### Supplied information
────────────────────────────────────────

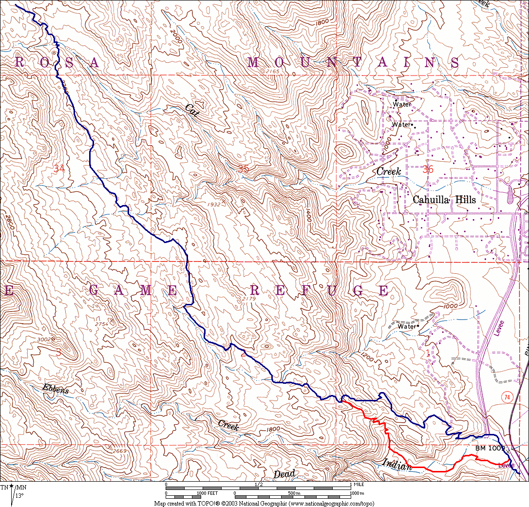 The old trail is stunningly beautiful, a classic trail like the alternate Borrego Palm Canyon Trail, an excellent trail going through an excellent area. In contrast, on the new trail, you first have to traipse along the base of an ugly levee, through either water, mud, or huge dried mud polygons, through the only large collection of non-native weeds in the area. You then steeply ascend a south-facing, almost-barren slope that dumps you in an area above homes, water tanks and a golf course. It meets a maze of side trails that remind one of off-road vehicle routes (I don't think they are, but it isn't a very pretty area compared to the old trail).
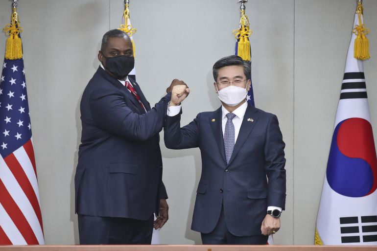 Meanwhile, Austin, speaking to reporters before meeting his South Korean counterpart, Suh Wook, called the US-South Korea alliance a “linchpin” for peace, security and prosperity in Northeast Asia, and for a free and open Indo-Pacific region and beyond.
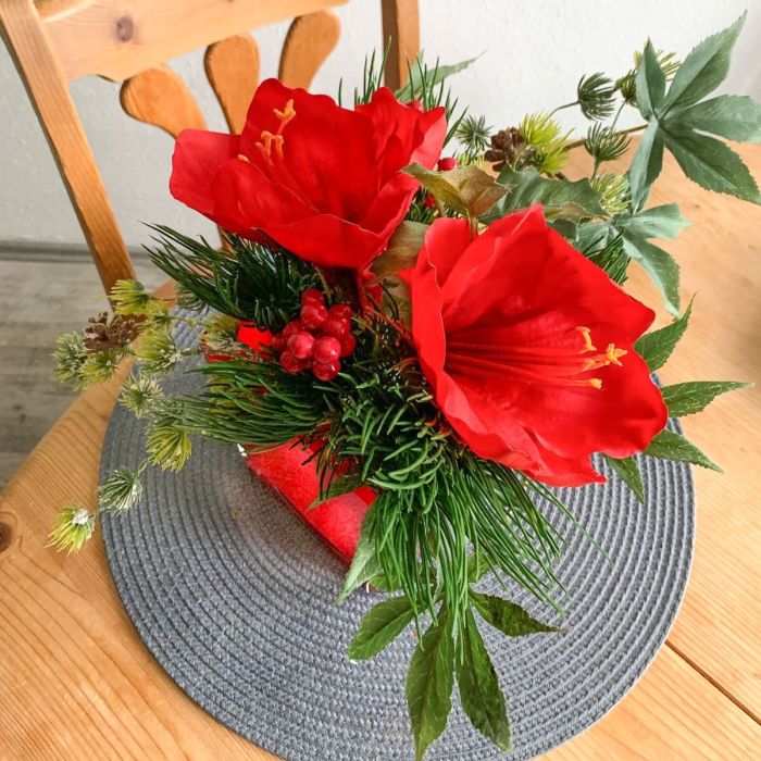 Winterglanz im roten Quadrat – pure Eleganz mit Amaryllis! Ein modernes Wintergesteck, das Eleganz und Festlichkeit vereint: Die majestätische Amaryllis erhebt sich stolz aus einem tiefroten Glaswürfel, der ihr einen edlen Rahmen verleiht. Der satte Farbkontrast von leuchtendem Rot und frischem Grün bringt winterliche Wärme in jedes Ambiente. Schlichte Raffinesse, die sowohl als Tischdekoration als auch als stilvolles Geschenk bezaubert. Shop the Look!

────────────────────────────────────────

Quote in full the listing given above; the images are to be left out.

### Finished exercise
 The old trail is stunningly beautiful, a classic trail like the alternate Borrego Palm Canyon Trail, an excellent trail going through an excellent area. In contrast, on the new trail, you first have to traipse along the base of an ugly levee, through either water, mud, or huge dried mud polygons, through the only large collection of non-native weeds in the area. You then steeply ascend a south-facing, almost-barren slope that dumps you in an area above homes, water tanks and a golf course. It meets a maze of side trails that remind one of off-road vehicle routes (I don't think they are, but it isn't a very pretty area compared to the old trail).
 Meanwhile, Austin, speaking to reporters before meeting his South Korean counterpart, Suh Wook, called the US-South Korea alliance a “linchpin” for peace, security and prosperity in Northeast Asia, and for a free and open Indo-Pacific region and beyond.
 Winterglanz im roten Quadrat – pure Eleganz mit Amaryllis! Ein modernes Wintergesteck, das Eleganz und Festlichkeit vereint: Die majestätische Amaryllis erhebt sich stolz aus einem tiefroten Glaswürfel, der ihr einen edlen Rahmen verleiht. Der satte Farbkontrast von leuchtendem Rot und frischem Grün bringt winterliche Wärme in jedes Ambiente. Schlichte Raffinesse, die sowohl als Tischdekoration als auch als stilvolles Geschenk bezaubert. Shop the Look!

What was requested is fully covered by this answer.